Y lloraba: sin grandes aspavientos, sin grandes sacudidas; un llanto muy de dentro, triste, muy triste. Y subió la escalera con las sienes que le perforaban los dos lados de la frente y abrió la puerta y cerró la puerta y clavó la espalda en ella, respirando como si se ahogara. Le apetecía estar sola, descansar. La habitación era su mundo, lleno de secretos.
Joan entró en la habitación sin permiso, no le hacía falta, también era la suya. Mercè cerró la puerta, que había quedado abierta de par en par, y, como si estuviera sola, empezó a desnudarse tirando la ropa al suelo. Del armario sacó una bata blanca y vaporosa. Se sentó en la cama, de una patada se quitó los zapatos e hizo deslizar las medias poco a poco. Descalza, se acercó a la butaca y se dejó caer en ella.
Grita, grita. Cuando hayas gritado un buen rato ya no recordarás por qué gritabas y seguirás gritando solo para oírte la voz.
Y rompió el silencio:
—Yo te quería, Joan, pero el amor es como las magnolias: huelen mucho cuando están en la rama, pero si las cortas se vuelven negras en el tiempo de soplar una cerilla. El amor, cuanto más lejos, más bello. Y yo era una cría, la princesa del Putxet, como me llamaba el abuelo. Solo se vive hasta los doce años, y a mí me parece que no he crecido. Ya es hora de que lo haga.
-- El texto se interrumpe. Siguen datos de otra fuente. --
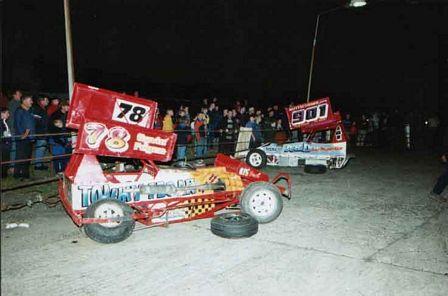 With Fegans and Thompson trading wins and blows all season the Irish Championship was set to be a rough one with Ian Thompson on pole, with Graham and Gavin upfront for company. The flag had hardly dropped when all three found their way into the ropes and posts on the first bend. Darren McKinstry became the biggest benefactor taking the 2001 Irish Championship.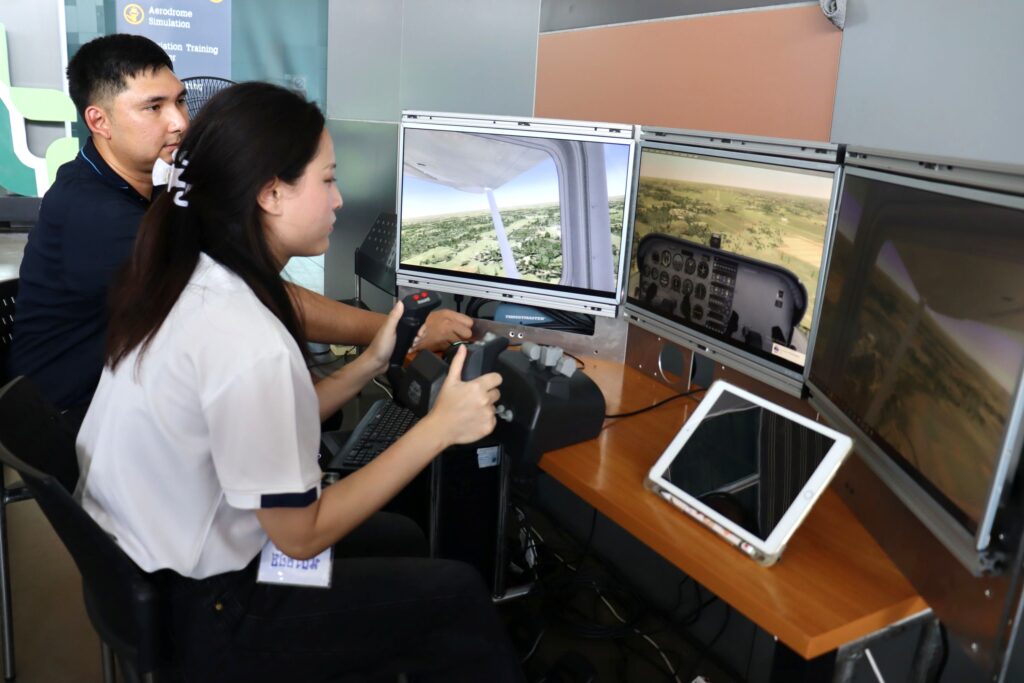 “จากข้อมูลที่น่าสนใจของสำนักงานสภานโยบาย การอุดมศึกษา วิทยาศาสตร์ วิจัยและนวัตกรรม (สอวช.) ซึ่งได้ทำการสำรวจความต้องการบุคลากรทักษะสูงใน 10 อุตสาหกรรมเป้าหมาย 2568-2572 พบว่าอุตสาหกรรม ที่มีความต้องการมากที่สุด คือ อุตสาหกรรมการบินและโลจิสติกส์ จำนวนกว่า 440,573 ตำแหน่ง โดยเฉพาะอย่างยิ่งในด้าน Customer Service และด้านเทคโนโลยีการบิน ด้วยเหตุนี้ หลักสูตรต่าง ๆ ไม่ว่าจะเป็น ธุรกิจการบิน การจัดการเทคโนโลยีการบินและการอำนวยการบิน รวมถึง Co-Creation : Pilot Pathway ที่วิทยาลัยฯ ได้พัฒนาขึ้น จึงตอบสนองต่อความต้องการแรงงานในภาคส่วนนี้โดยตรง” อาจารย์ปวรรัตน์ กล่าว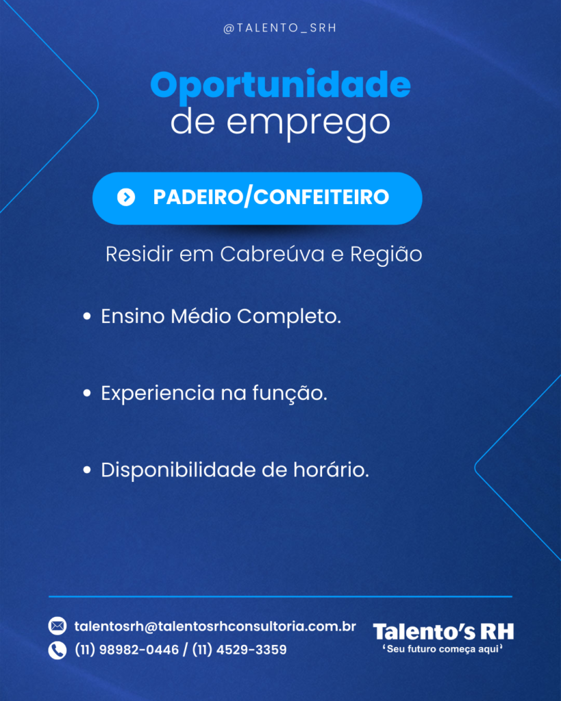 PADEIRO / CONFETEIRO Em Vagas CANDIDATE-SE ABAIXO Primeiro Nome *Nome do meioE-mail *Telefone *ADICIONE O SEU CURRÍCULO AQUI! *Selecione ArquivoNenhum arquivo selecionado aindaDeletar arquivo enviadoPARA QUAL VAGA DESEJA SE CANDIDATAR? *0 / 180Enviar mensagem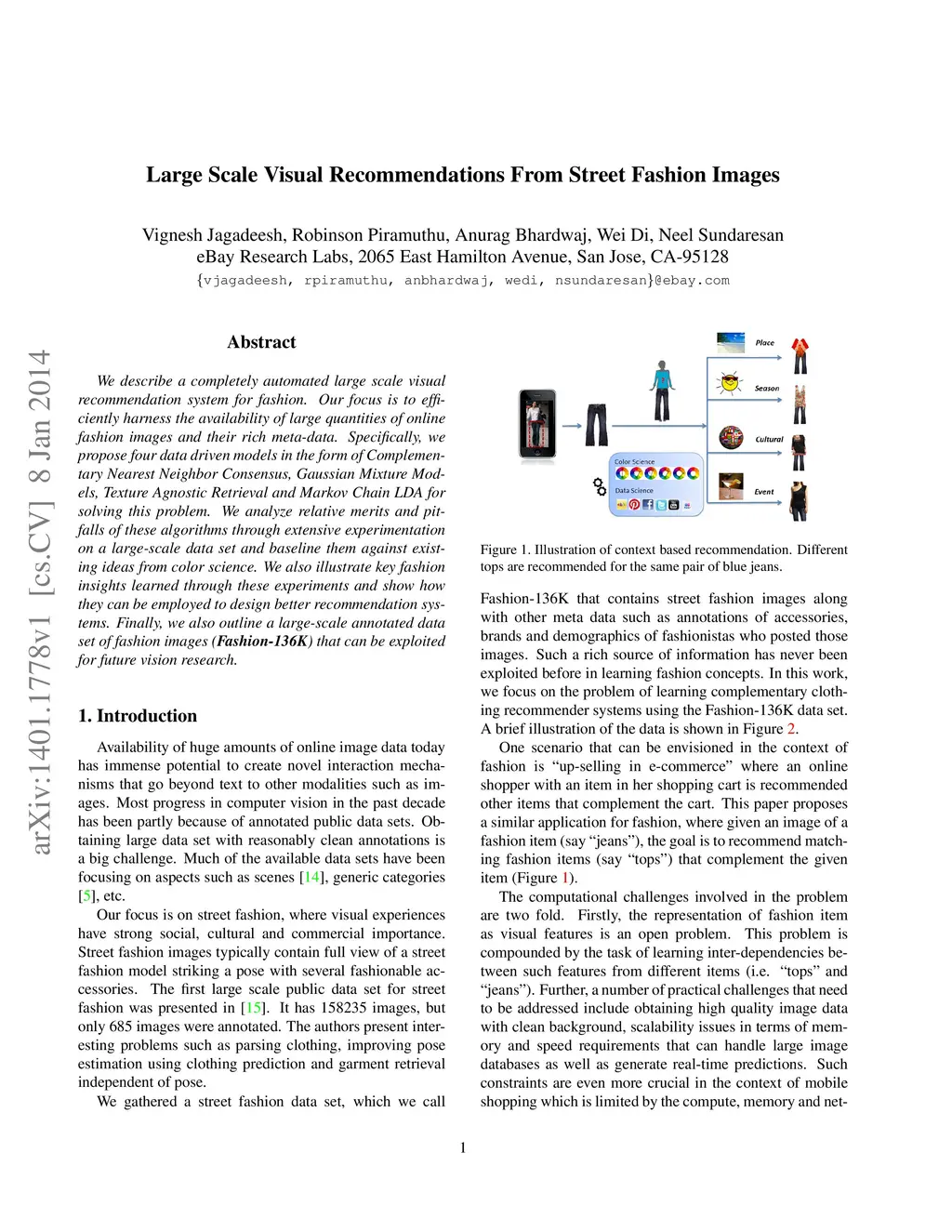 We describe a completely automated large scale visual recommendation system for fashion. Our focus is to efficiently harness the availability of large quantities of online fashion images and their rich meta-data. Specifically, we propose four data driven models in the form of Complementary Nearest Neighbor Consensus, Gaussian Mixture Models, Texture Agnostic Retrieval and Markov Chain LDA for solving this problem. We analyze relative merits and pitfalls of these algorithms through extensive experimentation on a large-scale data set and baseline them against existing ideas from color science. We also illustrate key fashion insights learned through these experiments and show how they can be employed to design better recommendation systems. Finally, we also outline a large-scale annotated data set of fashion images (Fashion-136K) that can be exploited for future vision research.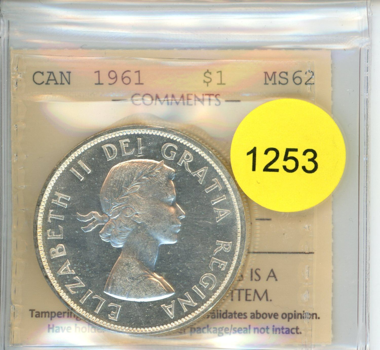 1961 MS62 ICCS Graded Canadian Silver Dollar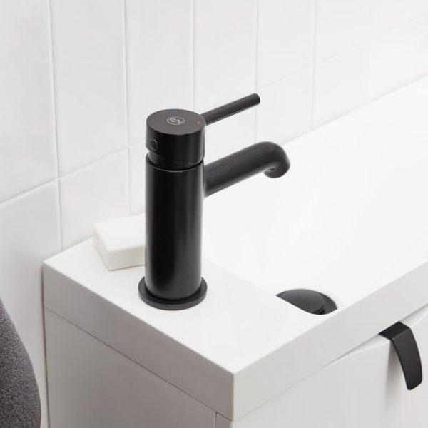 Смеситель для умывальника KFA Armatura Moza однорычажный, черный матовый + донный клапан (5032-815-81)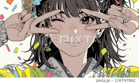 一位身穿浴衣的年輕女子做出和平手勢
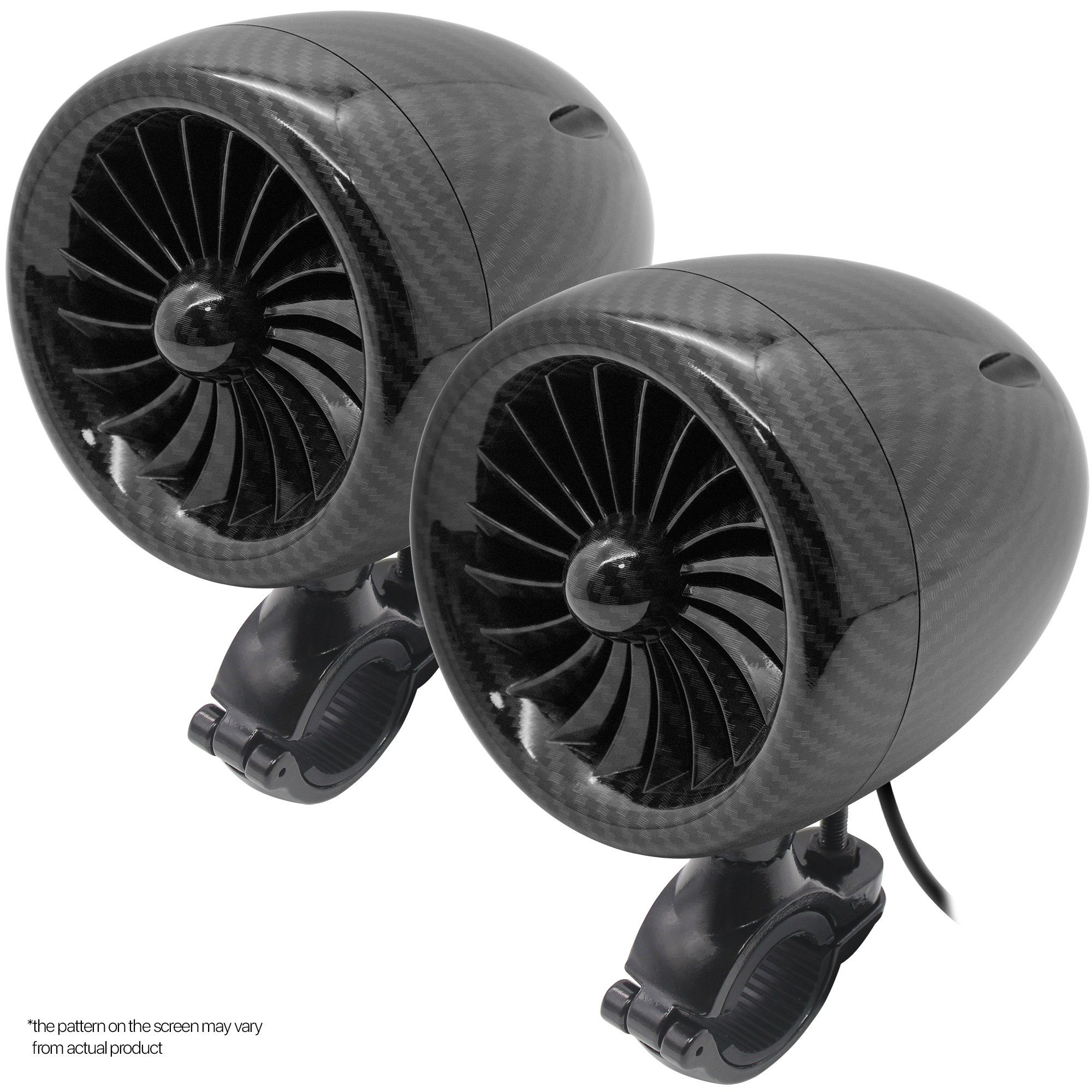 - Matte Black Stereo Unit with Blue Waterproof Gasket. Built with High-Quality Aluminum Material. Perfect for Harley Motorcycle ATV UTV RZR 4 Wheeler Polaris. 4″ Carbon Fiber Style Speaker Housing with Full Range Speaker Core. Built with High-Quality ABS Material. *Pattern on the screen may vary from the actual product.

Se agarraba fuerte las manos para que no le temblaran tanto.
—Si fueras de otra forma… A veces no acabo de entenderte. No sé muy bien qué quieres. —Joan hablaba haciendo un esfuerzo por dominar la violencia que empezaba a alterarle la voz.
— El tío americano … Pagaste todas las deudas e impusiste un nuevo horario en aquella casa de perezosos e ilusos. ¡El tío americano! La ilusión de casa, todos te queríamos, desde la abuela hasta mamá, que decía que te quería más que a todo. A los dieciséis años todo el mundo sabía que tenía que casarme contigo, mi destino estaba escrito y yo no me lo cuestioné, no me hice ninguna pregunta. Cuando cumplí veinte años, el mismo día de mi cumpleaños, nos casamos con dispensa papal. Cuando nació Jordi ya empecé a preguntarme por qué habías querido casarte conmigo. Más tarde fui entendiéndolo. Son cosas que una encuentra sola. Algunos se casan para tener a alguien que les cosa la ropa y les haga la comida y les dé las medicinas cuando están enfermos. Las ilusiones duran poco. Y lo que más duele es darte cuenta de que no deberías haberlas tenido.
—No sé por qué dices estas cosas.
—Por ganas de decirlas.
Joan apenas la escuchaba, estaba de pie junto a la puerta intentando comprender qué quería decir su mujer, y de repente lo vio claro.